7. Conclusion—Social and Political Implications
This paper proposes the abrogation of various asymmetries and social stereotypes in public and private organizations and generally in public life. The administrative hierarchy and generally the social, professional, systemic, institutional and political hierarchies should be composed not only of the dominant quasi-capitalists, who have multiple capitals that ensure the successful access to each field. On the contrary, minorities, and quasi-proletarians should play a leading role, as even if they belong to low-status social categories, some of them have leadership characteristics and increased human capital.
Decision-makers of organizations and policy-makers should do their self-criticism, conceding that social correlations, working conditions, selection criteria, and committees are not completely neutral, though they ought to be. In addition to the necessary social sensitization, organizations could implement quota policies both on the composition of selection committees and the appointment of managers-leaders, eliminating discrimination against candidates belonging to minority groups. This reformation can empower the voice, social status, influence, the professional and administrative role of the underrepresented quasi-proletarians, thus establishing social justice and equality.

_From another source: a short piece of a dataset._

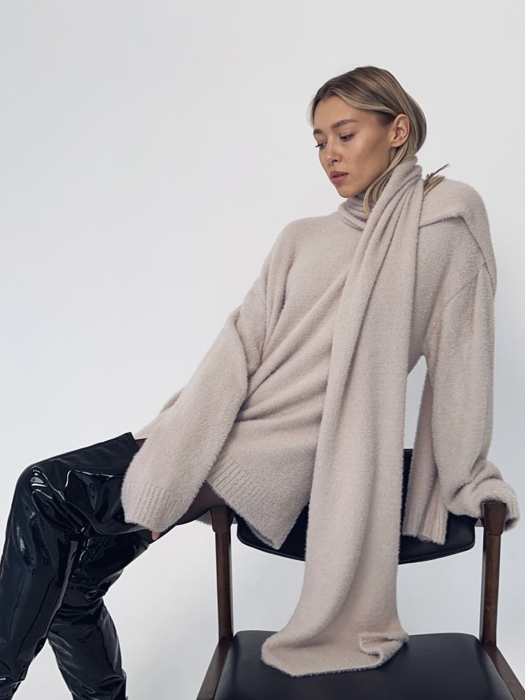 Джемпер пудрового цвета.

In conclusion, institutional, organizational, social, cultural, and political factors, which are external parameters, form the concealed and internal social correlations, affecting the self-perception, self-image, and aspirations of quasi-proletarians. Minority and stigmatized subgroups being afraid of various dominant hegemonies, emerging in the context of quasi-organizational capitalism, refrain from claiming a managerial position and a leading role. This fact is pessimistic, confirming that social categories are deprived of capital, which is socially delimited and have few opportunities to become leaders. It is also optimistic because we have as a society the potential to devastate this adverse establishment by reforming the collective unconscious, and emancipating it from biased stereotyped perceptions. Finally, we need to study and approach management and leadership from an anthropocentric and sociological point of view and not entirely in technocratic and instrumental terms, which dominate the field, thus constructing the Sociology of Educational Leadership.